Is sleeveless appropriate for Capitol Hill? The problem is no one knows what ‘appropriate’ means.

It’s surprising that in 2017 there are still places in Washington where the powers-that-be feel it’s wise and worthwhile to play fashion police. But up on Capitol Hill, the fashion savants in the House still deem sleeveless dresses, sneakers and open-toe shoes verboten.

A recent story from CBS News has a reporter explaining that she was stopped from entering the Speaker’s Lobby, where journalists often buttonhole members of Congress for interviews, because her shoulders were bare. Men are not exempt from the fashion watchdogs, either. They are expected to wear jackets and ties.

The policy is nothing new, according to some Hill veterans, though enforcement has sometimes been inconsistent. These traditions apply to lawmakers and their staff, as well as journalists — but apparently not to first ladies or first daughters.

 

These fashion requirements, enforced by security guards, are specific enough that they stir rumblings of sexism but vague enough that they cannot possibly account for the myriad permutations of modern fashion. After all, there’s a significant difference in tone between a tailored sheath worn with peep-toe pumps and a sundress paired with gladiator sandals. And what, for example, makes a sneaker a sneaker? Is it the rubber sole, the laces, a Swoosh, the Air Max technology? The modern “sneaker” comes in everything from gold metallic leather to gray wool tweed. Some have wedge heels. Some slide on. Plenty of them look a heck of a lot better than a pair of salt-stained leather loafers that could use a cobbler’s attention — shoes that would not be forbidden in the House but probably ought to be if you care about aesthetics.

The crux of the House fashion rules, however, is not really about naked shoulders or tie-less men in shirtsleeves. A statement from House Speaker Paul D. Ryan (R-Wis.) decrees that “members should wear appropriate business attire during all sittings of the House, however brief their appearance on the floor may be.” The goal is to show “mutual and institutional respect.” (Ah respect! So elusive these days.)

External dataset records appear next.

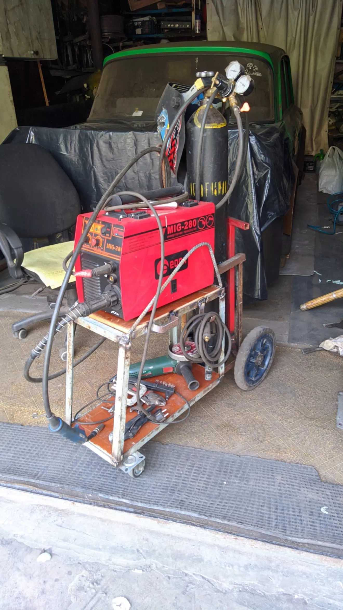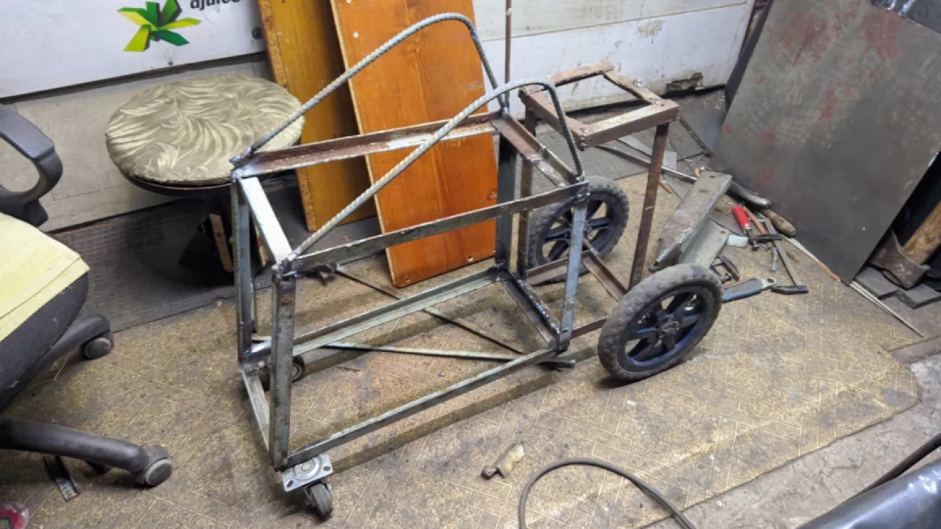 Две недели назад решился сделать удобную приспособу себе в гараже — каталку для полуавтомата!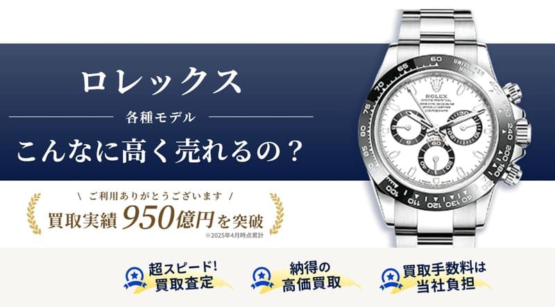 高級時計の買取にも強く、1,000万円を超えるロレックスの査定でも即日現金化に対応している点は大きな魅力です。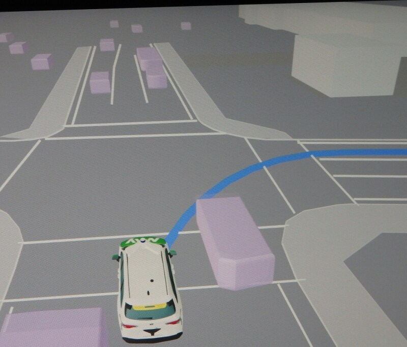 切り替えの瞬間はモニターに表示が出て、歩行者や自転車は赤い印で検知される仕組みです。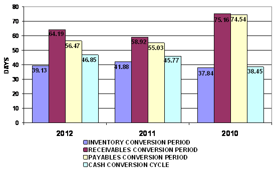 end of 2011 to 39 days at the end of 2012. This represents a positive trend.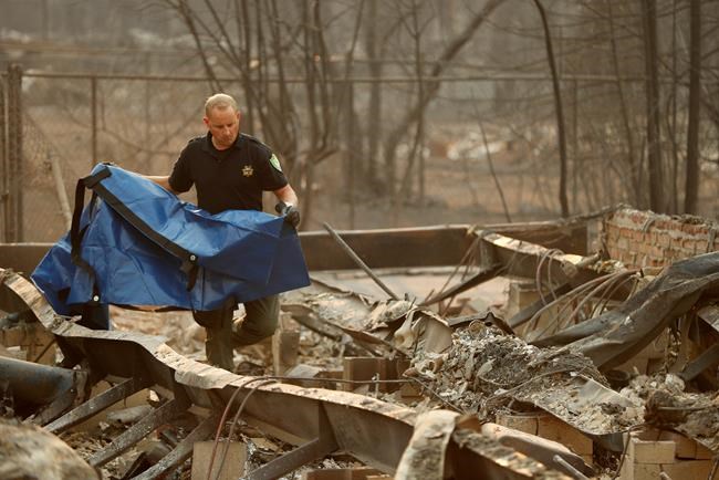 PARADISE, Calif. – As relatives desperately searched shelters for missing loved ones, crews stepped up the search for bodies in the smoking ruins of Paradise on Sunday, loading the remains of at least one victim into a hearse. Wildfires continued to rage on both ends of the state.

But what exactly is appropriate? Fifty years, 30 years, 15 years ago, most folks could probably agree on the definition of “appropriate.” There were actual sections in department stores called “career dressing.” People bought “work clothes” and changed out of them when they got home at the end of the day. In the age before leggings as pants, flip-flips as shoes and backpacks as an acceptable professional carry-all, everyone was on the same page sartorially. Mostly.